Я отпустил чужую ногу и с отвращением уставился на грязный носок, что упирался мне в нос. Его вонь могла бы воскресить даже мертвого. Нога пошевелила пальцами и исчезла – Герберт повернулся на сене.
Дождь барабанил по крыше, я попытался забыть сон и лежал, привыкая к мысли, что сегодня увижу свой дом. Дом, настоящий. Мой дом. Усадьбу Хорттен. По мне пробежала дрожь радостного предчувствия. Крик снаружи заставил меня вскочить. Я, как мог, оправил на себе одежду, сунул под плащ парик, чтобы он не намок, и спустился по лестнице.
Двор усадьбы был пуст, но с берега поднимался взвод солдат. Один из них вел за собой лошадь. За лошадью я разглядел паром и двух человек. Одного из них я узнал и бросился на берег.
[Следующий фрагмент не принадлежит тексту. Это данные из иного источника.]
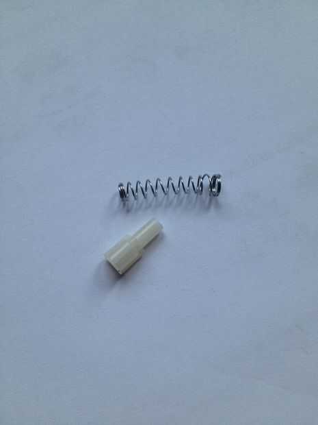 En primer lugar buscamos una pluma de primavera con una sección inferior "largo" con pérdida de espacio interior para la primavera (ver imagen). Idealmente usted quiere el 75% de la primavera en la pluma y el 25% hacia fuera cuando toca la parte inferior de la pluma con ninguna fuerza aplicada.
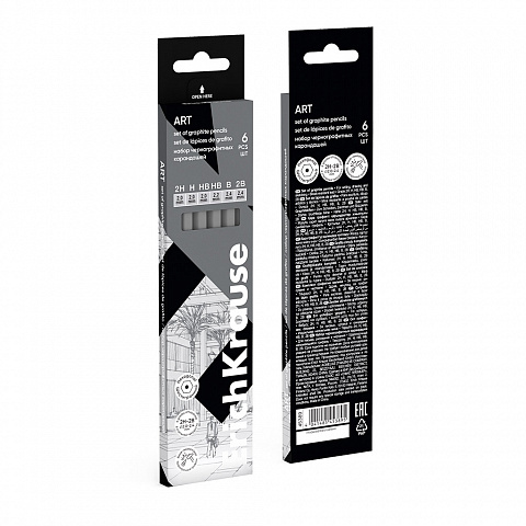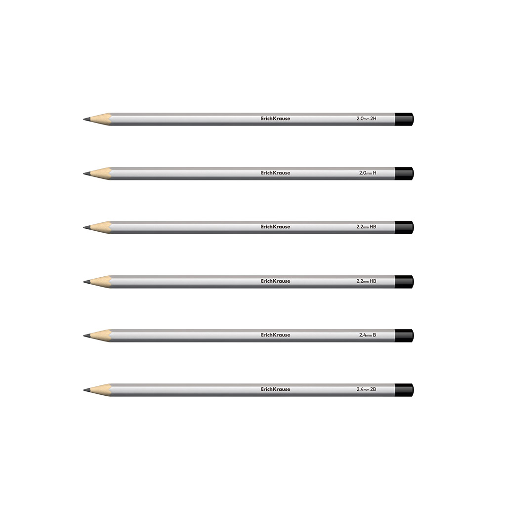 Set of 6 graphite pencils ErichKrause Art, hexagonal, 2H,H,HB,B,2B,4B (in box) |
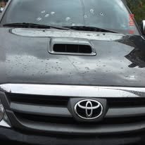 Eles concordaram, e pedi a uma senhora que estava do meu lado, entregar minha filha para minha esposa, quando ela a encontrasse. Me dirigi para o carro que já estava ligado, o meu carro, a hilux. Quando fui abrir a porta, não conseguia entrar, tinha, parece que um vidro transparente que não deixava eu entrar.
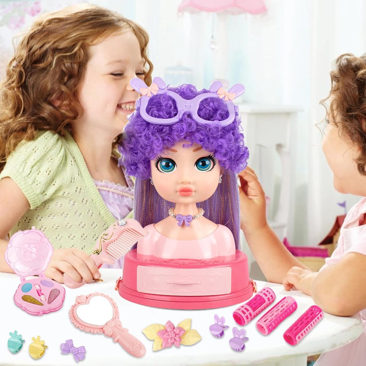 Set Completo: Con 31 pezzi inclusi asciugacapelli, piastra per capelli e , stimola la fantasia e soddisfa diverse esigenze di styling per possibilità creative illimitate Design Sicuro e Inodore: Progettata con ABS sicuro per bambini, la bambola rimuove odori sgradevoli e bordi acuti, migliorando il gioco realistico con un phon funzionale che ispira scenari di gioco di ruolo immaginativo Creatività per Bambini: Progettata per i più piccoli, questa testina per styling con capelli ricci biondi offre ore di divertimento creativo, permettendo di spazzolare, trecce e attorcigliare innumerevoli pettinature stilose e fantastiche Avventura Parrucchiere: Porta in vita l'emozione di gestire un salone, ispirando creatività ed esplorazione nella pratica di acconciature fantasiose adatte a tutte le età Regalo Versatile: Ideale per compleanni Natale o feste questa testa per acconciature è un modo creativo per praticare hairstyling e trucco favorisce giochi di ruolo divertenti con gli amici rendendola un regalo memorabile per ogni occasione
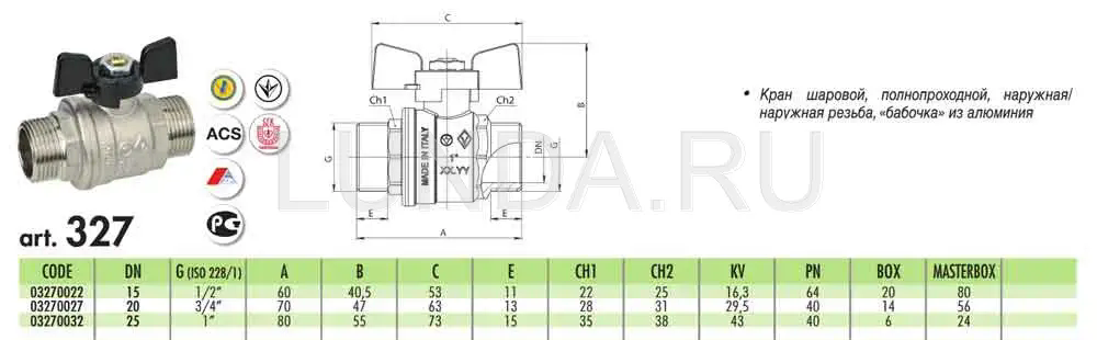 Купить Кран шаровой Bugatti (3270027) НН 3/4' бабочка OREGON серия 327 полный проход
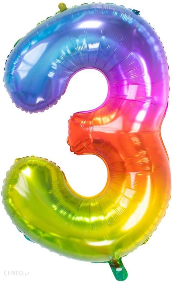 Balon foliowy cyfra trzy tęczowy, posiada specjalne uchwyty ułatwiające montaż.Przód jest transparentny, natomiast tył balonu jest srebrny.Wielkość: 86 cm.Opakowanie: 1 szt.
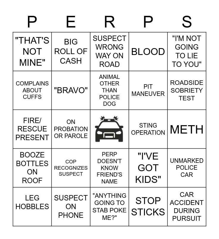This bingo card has a free space and 28 words: UNMARKED POLICE CAR, AMBULANCE NEEDED, PIT MANEUVER, STOP STICKS, COMPLAINS ABOUT CUFFS, SUSPECT WRONG WAY ON ROAD, BIG ROLL OF CASH, BOOZE BOTTLES ON ROOF, STING OPERATION, LEG HOBBLES, FIRE/ RESCUE PRESENT, BLOOD, SUSPECT ON PHONE, "ANYTHING GOING TO STAB POKE ME?", ROADSIDE SOBRIETY TEST, CAR RAN STOP SIGN, COP RECOGNIZES SUSPECT, "BRAVO", ANIMAL OTHER THAN POLICE DOG, PERP DOESN'T KNOW FRIEND'S NAME, "THAT'S NOT MINE", "STOP RESISTING", CAR ACCIDENT DURING PURSUIT, ON PROBATION OR PAROLE, METH, "I'VE GOT KIDS", "I'M NOT GOING TO LIE TO YOU" and TOSSES DRUGS.
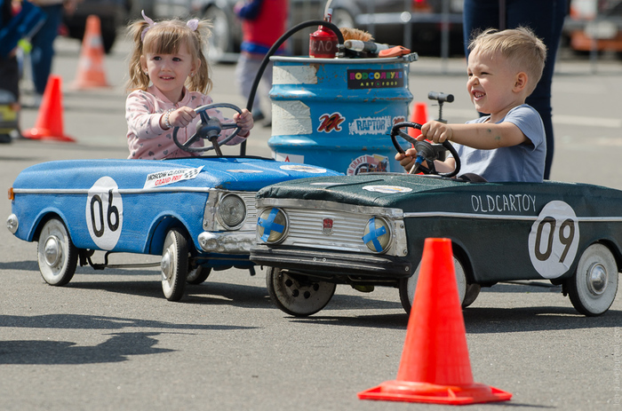 На площадке работало несколько детских зон. Все развлечения были направлены на знакомство детей с миром автоспорта и правилами безопасности на дорогах.
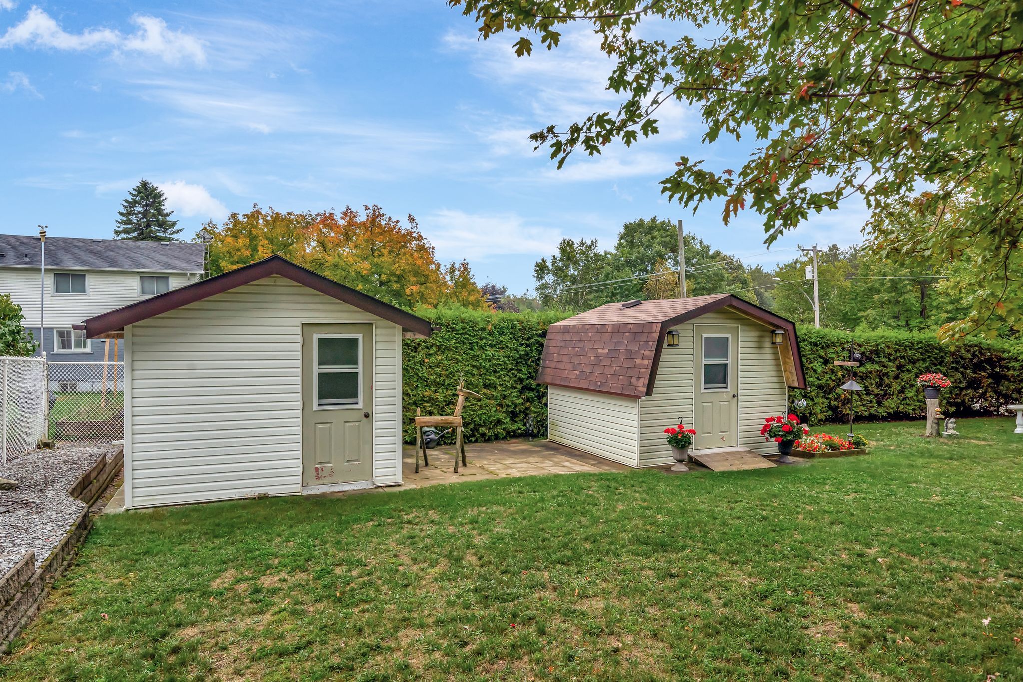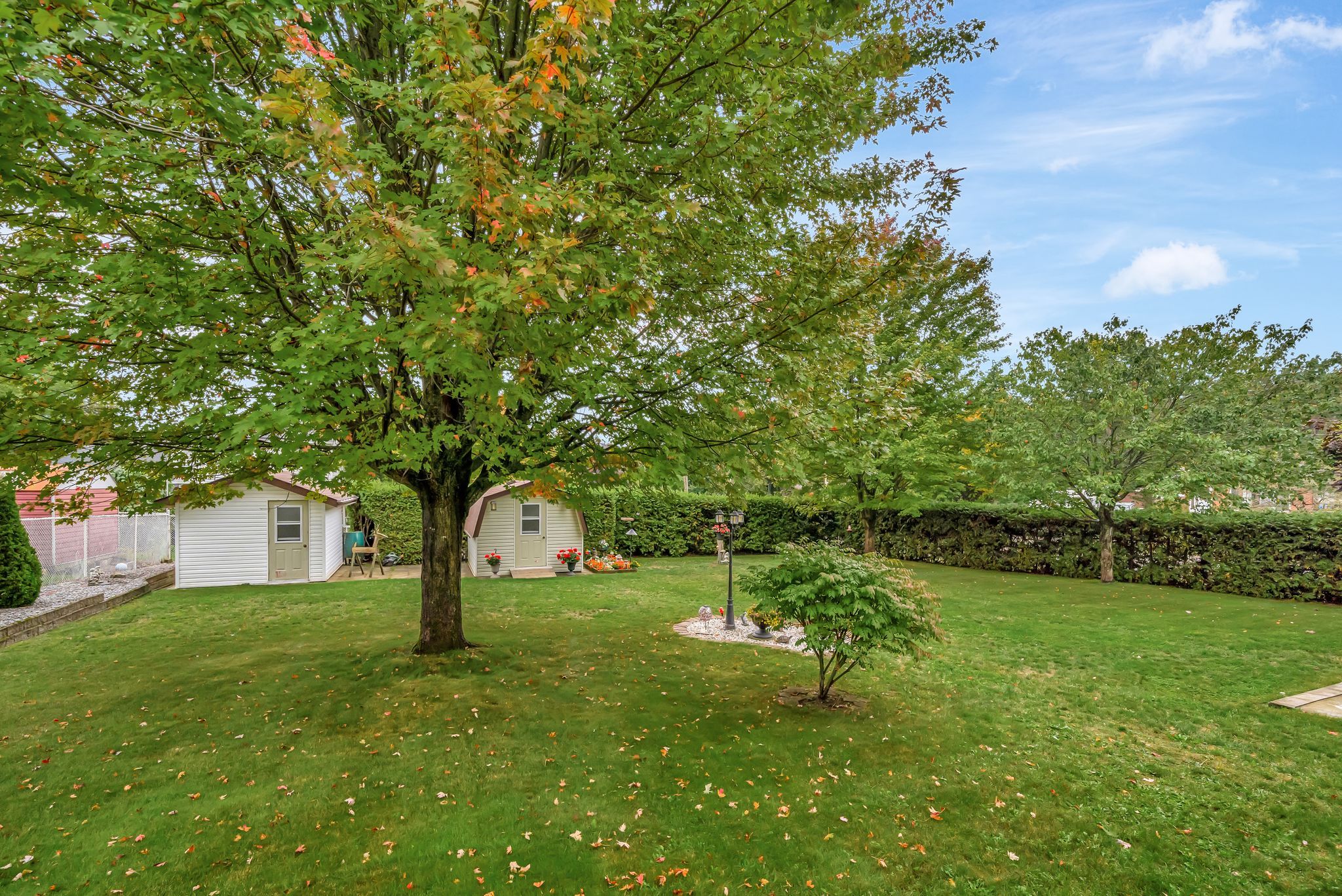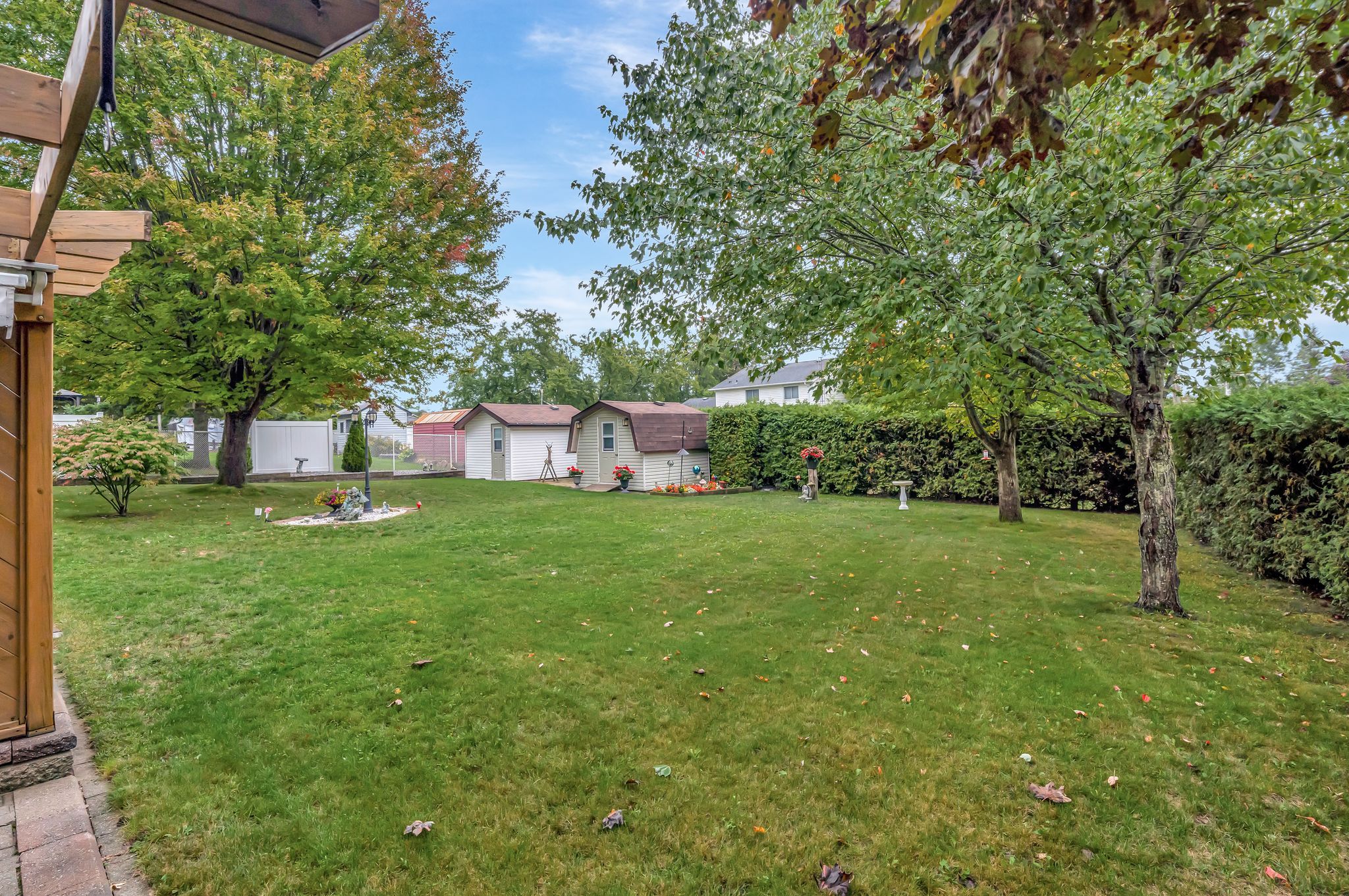 • Additional yard space with privacy from a mature cedar hedge.

– Нильс! – заорал я, размахивая руками. – Нильс!
Он выпрямился и посмотрел на меня. Я, запыхавшись, остановился перед ним, не в силах сдержать улыбки.
– Это я, Петтер! Ты что, не узнал меня? Я дома!
Он шевельнул языком табачную жвачку, оглядел меня с ног до головы и сплюнул ее в воду.
– Вижу, – ответил он, продолжая разматывать веревку, которой была привязана лошадь.
Другой парень с любопытством смотрел на меня, и я представился:
– Я – Петтер Хорттен, работал тут в усадьбе вместе с Нильсом.
Он с подозрением оглядел меня, буркнул “Олав” и продолжал заниматься своим делом.
– Я вернусь в Хорттен вместе с вами, – сказал я Нильсу. – И пробуду в Хорттене до завтрашнего утра.
Он уложил веревку в лодку под среднюю банку и поднял глаза на флаг, развевающийся над усадьбой Пера Хестеберга, который сообщал о том, что приезжие ждут транспорта.
– Вижу, вижу, – раздраженно буркнул он. Схватился за мачту и хотел поднять ее – она лежала у правого борта. Я бросился ему на помощь.
– По дороге домой будет неслабый норд-ост, – сказал я. – Так что обойдемся без весел.